Evaluation toolbox for Pogema environment
Project description
POGEMA Toolbox
Overview
The POGEMA Toolbox is a comprehensive framework designed to facilitate the testing of learning-based approaches within the POGEMA environment. This toolbox offers a unified interface that enables the seamless execution of any learnable MAPF algorithm in POGEMA.
- Firstly, the toolbox provides robust management tools for custom maps, allowing users to register and utilize these maps effectively within POGEMA.
- Secondly, it enables the concurrent execution of multiple testing instances across various algorithms in a distributed manner, leveraging Dask for scalable processing. The results from these instances are then aggregated for analysis.
- Lastly, the toolbox includes visualization capabilities, offering a convenient method to graphically represent aggregated results through detailed plots.
Installation
Just install from PyPI:
pip install pogema-toolbox
Features
Register and use custom algorithms
To register an algorithm and then create an inference instance, one can use:
from pogema import BatchAStarAgent
# Registring A* algorithm
ToolboxRegistry.register_algorithm('A*', BatchAStarAgent)
# Creating algorithm
algo = ToolboxRegistry.create_algorithm("A*")

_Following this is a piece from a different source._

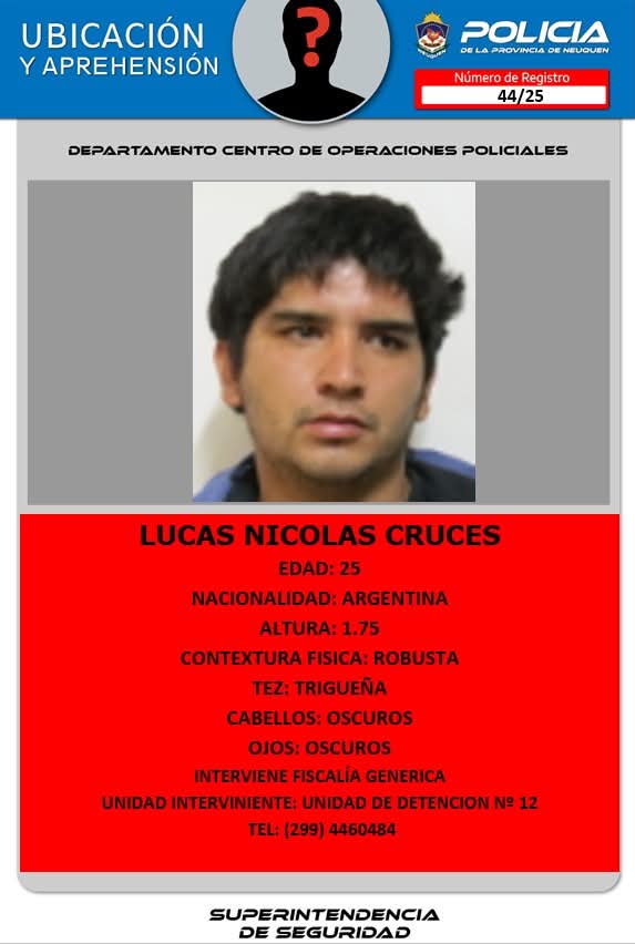 Neuquén.- Un operativo de búsqueda se mantiene activo en la ciudad de Neuquén, tras la fuga de cuatro internos alojados en la Unidad de Detención 12.
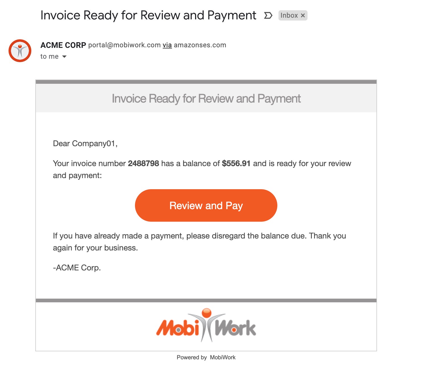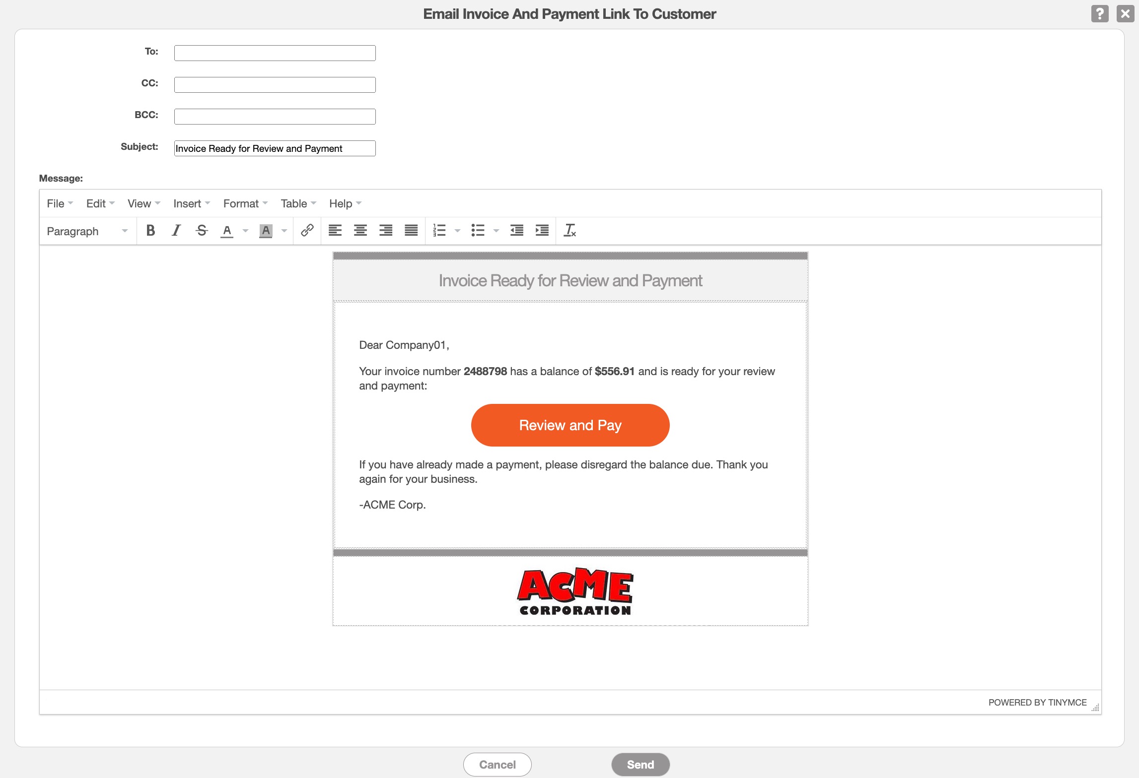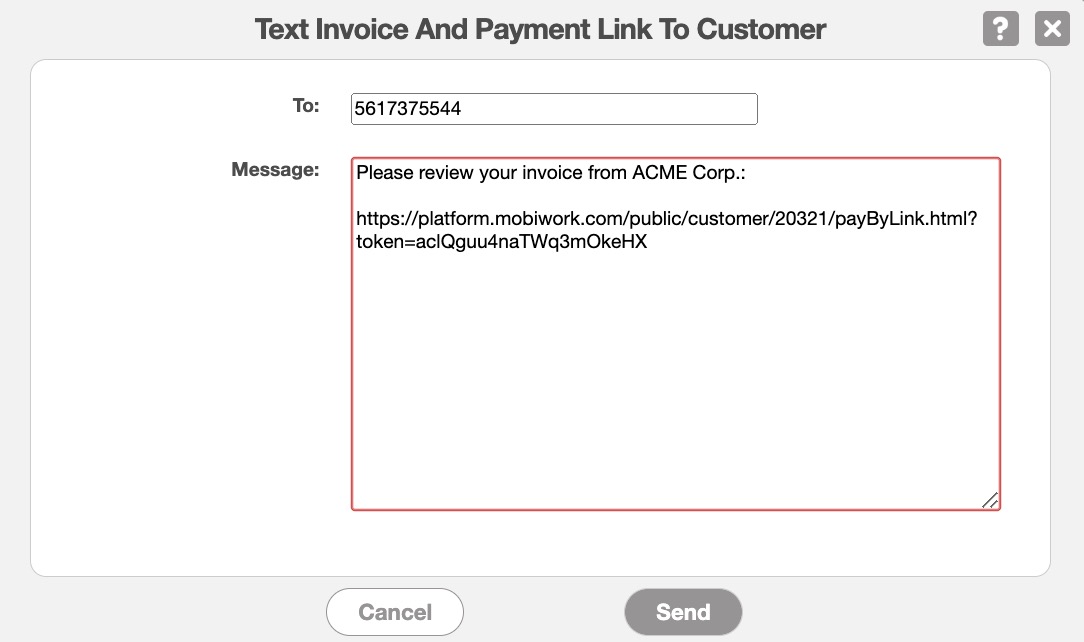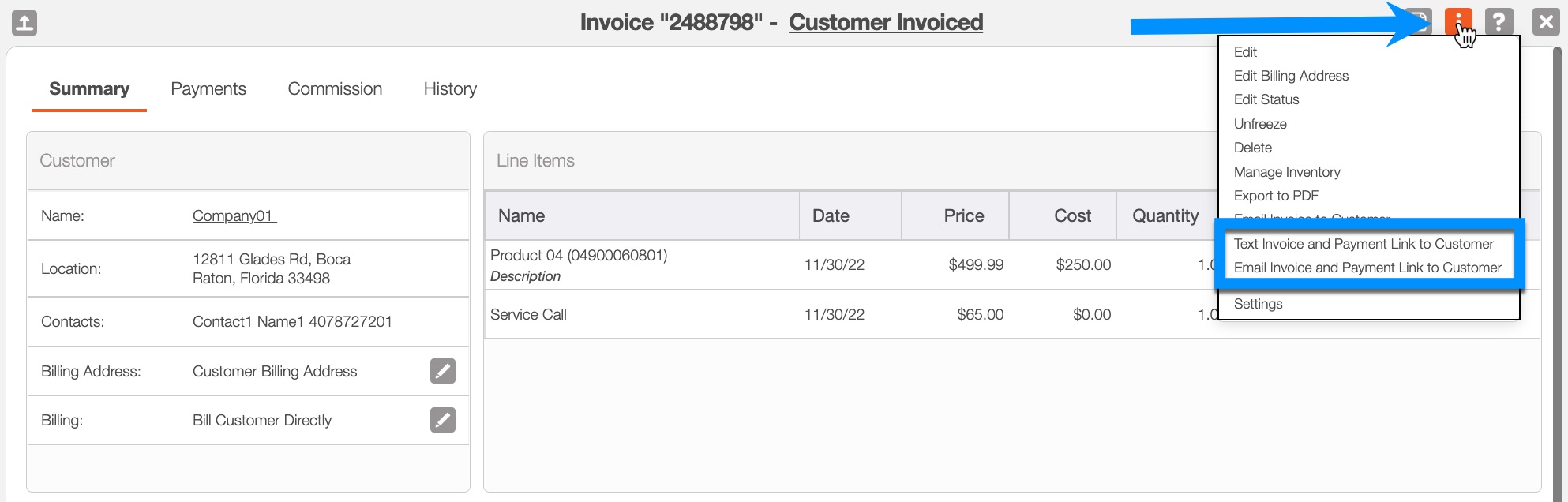 This guide will illustrate sending an email or text message through the View Invoice pop-up window.

The algorithm should provide a method act, which receives a batch of observations.
A more complex example is an algorithm with tunable hyperparameters. Here is an example with the Follower approach:
ToolboxRegistry.register_algorithm('Follower', FollowerInference, FollowerInferenceConfig,
follower_preprocessor)
For the full evaluation code example, please refer to Follower repository
Register custom maps
To create a custom map, the user first needs to define it using ASCII symbols or by uploading it from a file, and then register it using the toolbox:
from pogema_toolbox.registry import ToolboxRegistry
# Creating cusom_map
custom_map = """
.......#.
...#...#.
.#.###.#.
"""
# Registring custom_map
ToolboxRegistry.register_maps({"custom_map": custom_map})
Evaluation script
Example of the POGEMA Toolbox configuration for parallel testing of the RHCR approach and visualization of its results.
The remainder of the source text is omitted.